Beyond the physical form factor, what makes a hardware wallet distinct is where and how it signs transactions. The private key is generated and stored inside a tamper-resistant secure element chip, similar to the chips used in passports and payment cards, and it never leaves that chip. When a user wants to move funds, an online computer or phone builds the transaction, but the actual cryptographic signature is created inside the device itself and confirmed with a physical button press or touchscreen tap. Only the already-signed transaction is sent back out to be broadcast, so the key is never exposed to internet-connected software, malware, or a phishing page.

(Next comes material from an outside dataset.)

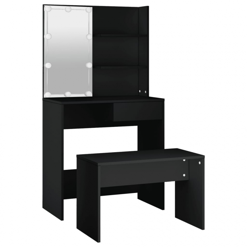 Das trendige Schminktisch-Set verleiht deinem Schlafzimmer einen zeitlosen, raffinierten Look. Das Schminktisch-Set mit LED-Beleuchtung ist eine perfekte Ergänzung für deine Schlafzimmereinrichtung und hält auch deine Kosmetika immer griffbereit! Stabiles Material: Holzwerkstoff ist ein Material hoher Qualität mit glatter Oberfläche, das sich durch Festigkeit, Stabilität und Feuchtigkeitsbeständigkeit auszeichnet.Allzweckspiegel: Der Schminktisch mit Spiegel ist perfekt für deine tägliche Schönheitsroutine. Mit dem Spiegel kannst du dein Gesicht pflegen und auch dein Make-up auftragen!Viel Stauraum: Der Schminktisch mit Hocker bietet viel Platz für einfachen Zugriff auf Make-up, Schmuck und anderen Accessoires.LED-Beleuchtung: Der Schminktisch verfügt auch über LED-Lampen mit USB, die einfach von Warmweiß auf Kaltweiß umgeschaltet werden können. Dabei beleuchten die LED-Lampen rund um den Spiegel dein Gesicht optimal.Vielseitig einsetzbar: Dieses Schminktisch-Set eignet sich für verschiedene Bereiche, sei es Schlafzimmer, Ankleide oder jeden anderen Raum, in dem du es aufstellen möchtest. Achtung:Um ein Umkippen zu vermeiden, sollte dieses Produkt mit der mitgelieferten Wandhalterung gesichert werden.

During setup, the device generates a seed phrase of 12 or 24 words, which is the only backup of the wallet. Anyone who obtains those words can recreate the private key and drain the associated Bitcoin, tokens, or other holdings on a different device, so it is written down on paper or steel and never stored digitally or photographed.
Ledger and Trezor remain the two dominant manufacturers, taking different approaches: Ledger favors closed, certified secure elements, while Trezor has pushed open-source firmware and, with its newest model, post-quantum signing. Both function as a form of cold wallet once unplugged. The main remaining risks are losing the seed phrase, buying a tampered unit from an unofficial reseller, and social-engineering scams that trick a user into approving a malicious transaction on the device itself.